Memorable Moments: Father’s Speech in Call Me By Your Name

Do you rip out parts of yourself so you can be cured of things faster?

Call Me By Your Name Timothée Chalamet as Elio

2017 was a stacked year. If we just take a glance at the Best Picture nominee list, there is the consensus that any single one could have brought home the Oscar in 2018. Get Out offered smart social satire, Lady Bird demonstrated that the coming-of-age film doesn’t have to be cliche and predictable, and Three Billboards Outside Ebbing, Missouri tackled real world issues and provided an unflinching look at death and grief.

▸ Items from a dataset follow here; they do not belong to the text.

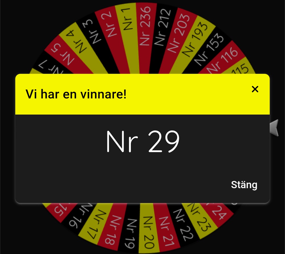 Dragning sker den 15:e varje månad (med en månads fördröjning), vinnaren meddelas av lotteriansvarig, Berit Persson och presenteras här på hemsidan.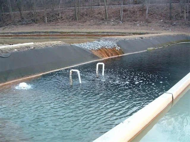 Mine drainage can be successfully treated by active chemical addition, however, this method has high building and maintenance costs. Passive treatment methods, which are far less expensive, have begun to be used to treat mine drainage. A successful method involves the use of limestone to reduce the acidity and ponds to collect the yellow boy.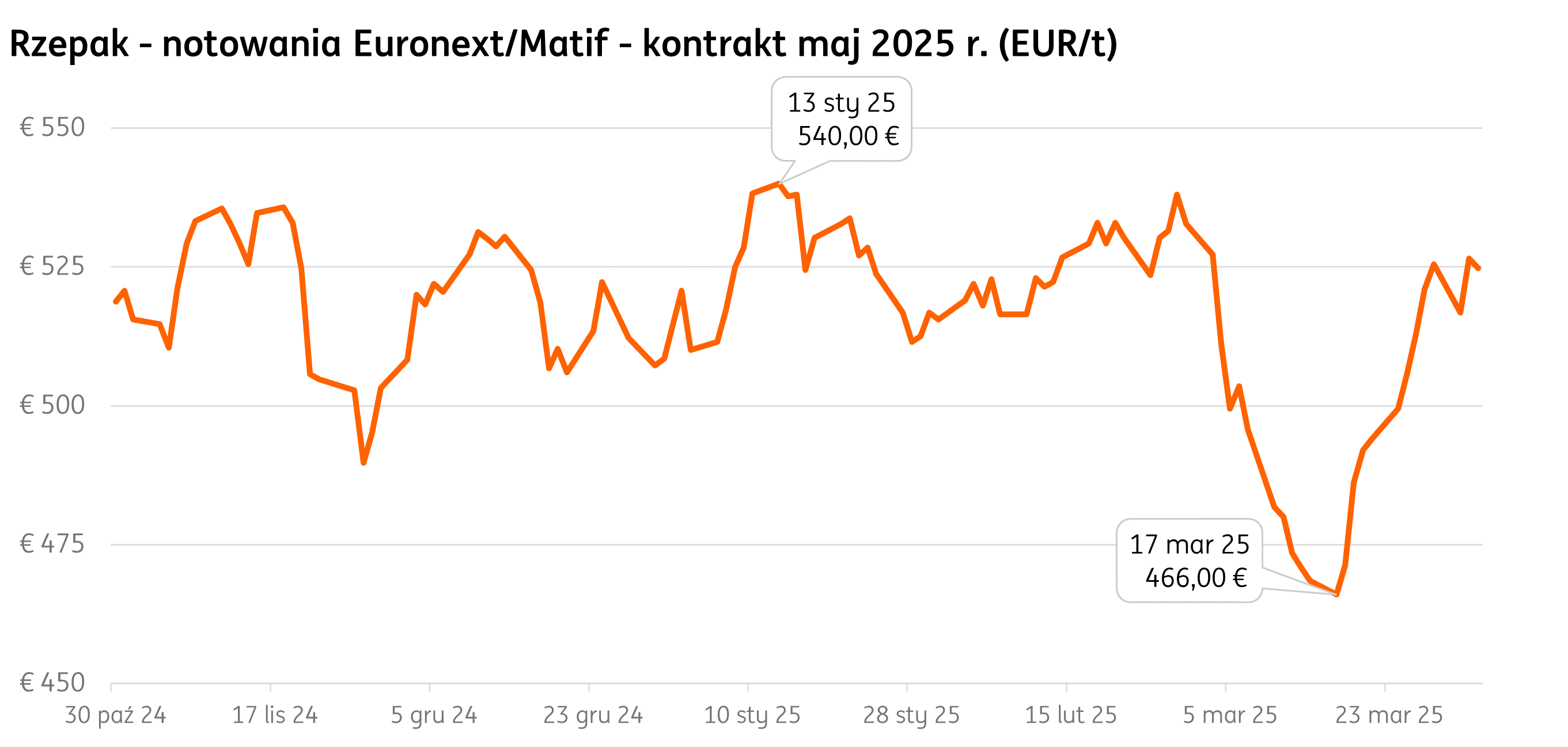 Notowania rzepaku w marcu znajdowały się pod wpływem doniesień płynących z rynków międzynarodowych. Do tąpnięcia notowań na Euronext/Matif doszło w ślad za wprowadzeniem zaporowego cła na kanadyjski rzepak przez Chiny. Jednak wraz z końcem marca kontrakty odrabiały wcześniejszą stratę. Wpłynęła na to m.in. ograniczona podaż rzepaku w krajach Unii Europejskiej (kontrakt majowy). Wzrosty dotyczące notowań z nowych zbiorów było hamowane przez informacje o dobrej kondycji upraw.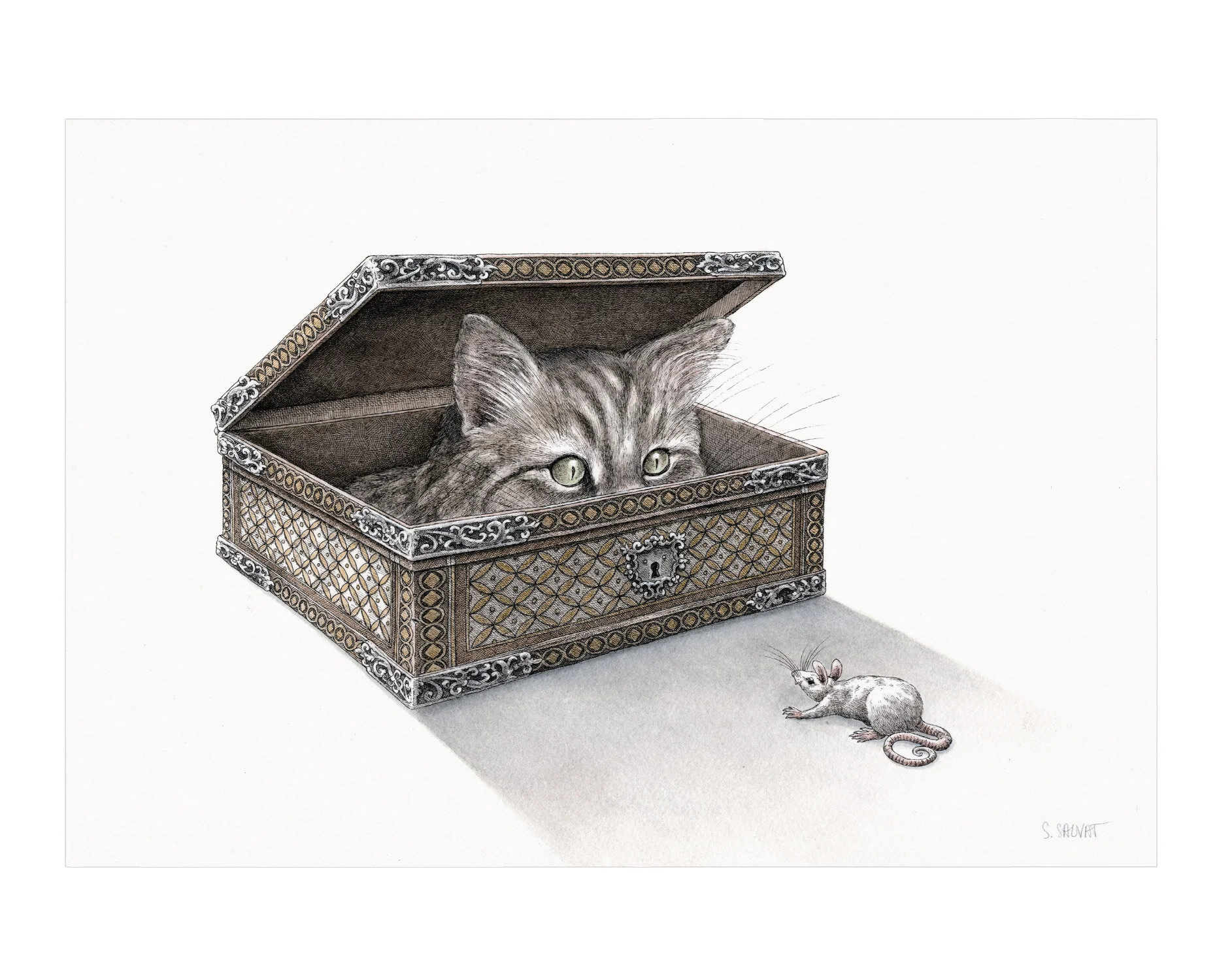 I decided to make something inspired by medieval representation and mix the figures of various animal families. Each card where drawn with Rotring and China ink, line by line.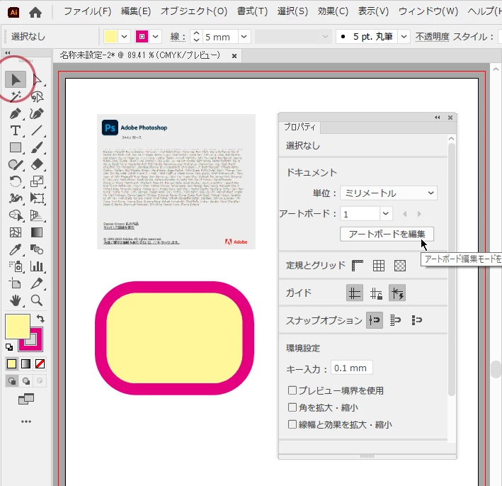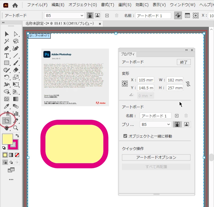 ※新たに作成されたアートボードは、なぜか幾重にも複数の同じサイズのアートボードが重なっていました。(5~6枚くらい)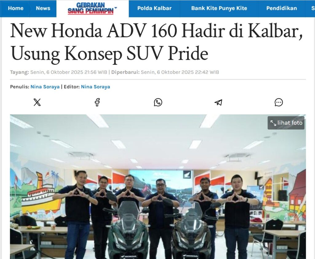 New Honda ADV 160 Hadir di Kalbar, Usung Konsep SUV Pride by Ishak Ismail 6 Oktober 2025 in Silahkan kunjungi https://pontianak.tribunnews.com/otomotif/1144629/new-honda-adv-160-hadir-di-kalbar-usun-konsep-suv-pride. You Might Like Regional Public Launching New ADV160 The SUV Pride Grand Launching New PCX 160 Truly Exceptional! Tetap hati-hati ya bro sist berkendara saat hujan.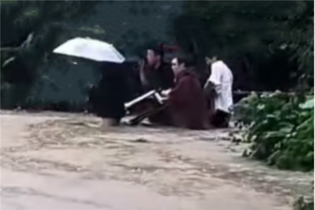 由于連續(xù)降雨,老人家中附近道路地勢(shì)低洼,蹣跚趕到時(shí),已經(jīng)水勢(shì)及腰。吳明輝趕忙和村民一起將老人抬至安全地帶。老人順利脫險(xiǎn)。

I could go on and on about the movies from 2017, but that’s not what I am here to do, because today we have a singular task at hand, and that’s examining a wonderfully poignant moment in Call Me By Your Name. Call Me By Your Name is a love story, it is also a coming-of-age film, with young Elio (Timothée Chalamet) navigating the path of first love and sexuality.

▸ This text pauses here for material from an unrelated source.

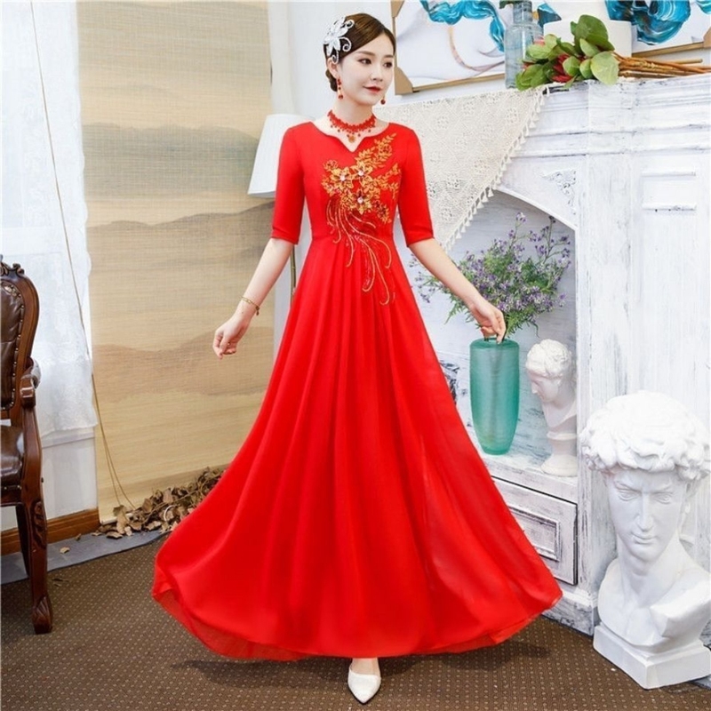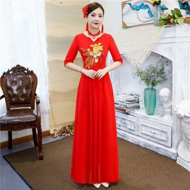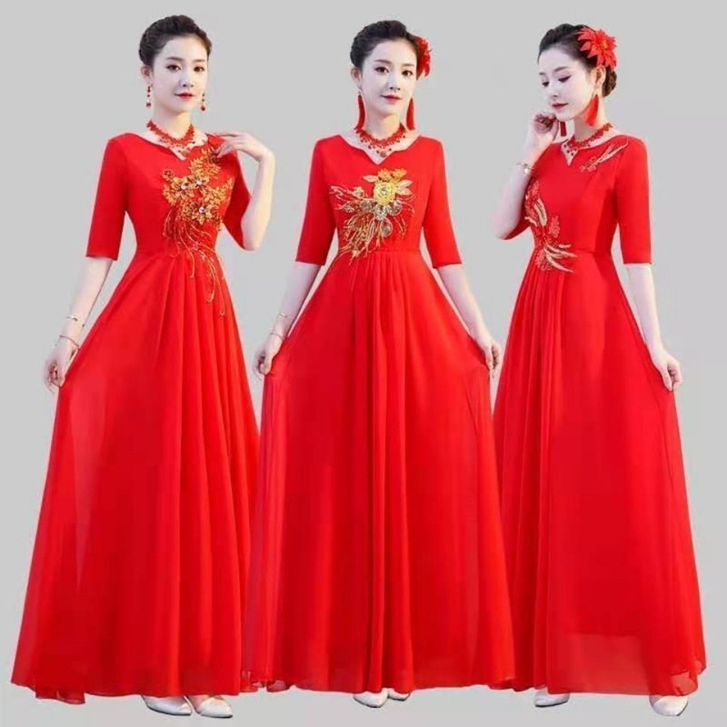 2022新款礼服大合唱服女长裙成人中老年大红诗歌朗诵表演演出服

Luca Guadagnino’s film is beautiful, intoxicating, and paints such an authentic relationship between the two main characters Elio and Oliver (Armie Hammer). The leads and the ensemble all came together like a nicely assembled jigsaw puzzle, the backdrop dripping with sensuality and the juice of peaches. I could pause the film at any moment and it would be worth writing about – in a world constantly speeding through the process, Call Me By Your Name takes its time with the viewer, and by the end of it you are a weeping mess. But the most memorable moment for me, without a doubt, is Elio’s chat with his father (Mr Perlman, played by Michael Stuhlbarg) after Oliver leaves.

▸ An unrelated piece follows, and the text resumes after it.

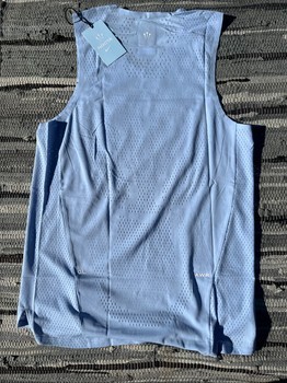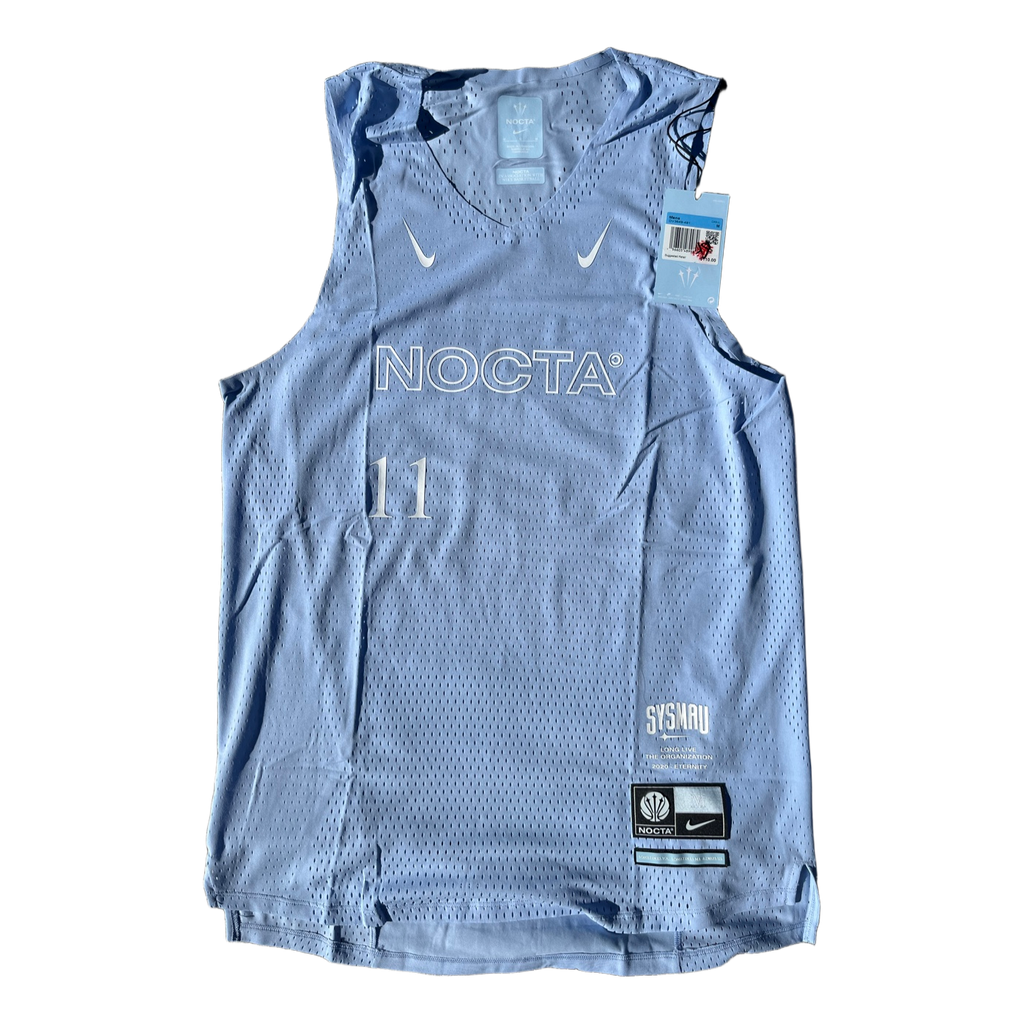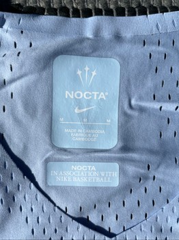 Light blue Nike Nocta basketball jersey with graphic print. Mesh fabric construction. New with tags. Size M.

Here’s the thing about falling in love; it is an insular thing, the outside world stepping away while you move closer to each other. While Elio was falling in love with Oliver, his parents were watching him do so, though he wasn’t aware of it and thought he was hiding the whole thing pretty well. A person falling in love is unmistakable though, as we ourselves could tell from the beginning what Elio was feeling.

A parent’s role in their child’s romantic life varies; some are supportive and offer a listening ear, some are vehement at the idea of love and sex at a young age. Elio’s father takes it in a different direction, by truly empathising with his son, not speaking in platitudes of time healing all wounds, but understanding that the wounds from love are a powerful thing.

Whenever we are scorned in love, or experience heartbreak, our response is to repress – to snuff out any sense of lingering emotion. Because it hurts. It hurts to know you won’t be able to be with this person, that your job now is to get over them, to shovel dirt over this heartache and bury it deep inside of yourself. Instead, Elio’s father tells him to embrace it, to see the beauty in what they shared together, and acknowledge the rarity of an experience like that.

How often do we get to love in such a way, finding a person who satisfies and completes us in every single way? So, while the impulse may be to “rip out” parts of ourselves so that we can “be cured of things faster”, if we keep doing that, in the end we will be left with nothing – a shell of a person numbed to the point of oblivion. There is no judgement from Elio’s father, just the offer of a listening ear and a shoulder to cry on, in order to tide him through the inevitable pain.

I cried for a long time after watching this scene, more so than any other scene in this movie (though it drew many tears from me), because I didn’t have someone to tell me to do that. After rejection, all I wanted was to forget all the pain, and with that forgetting, I lost the part of myself that was brave and daring. She disappeared into a forest of falling leaves, wearing a gold dress and surrounded by gold leaves – I stare at her from behind a window, in a space that is empty and vacant. I should have brought her along as I dived into other relationships, but it was too late by then.

The great thing about this scene is that this response is not only when it comes to love. We apply it to every facet of our lives as well, wanting to cut and sever rather than nurse and heal. If we are disappointed by our dreams, then we leave them behind and think about them no further, relationships and people relegated to the past because we don’t want to deal with the pain.

This scene is an acute understanding of the human condition, with an urgent message to resist. The hurt, the heartache, the disappointment – it’s all part of who you are. So wrap up the wounds, let them heal, and go out and love again.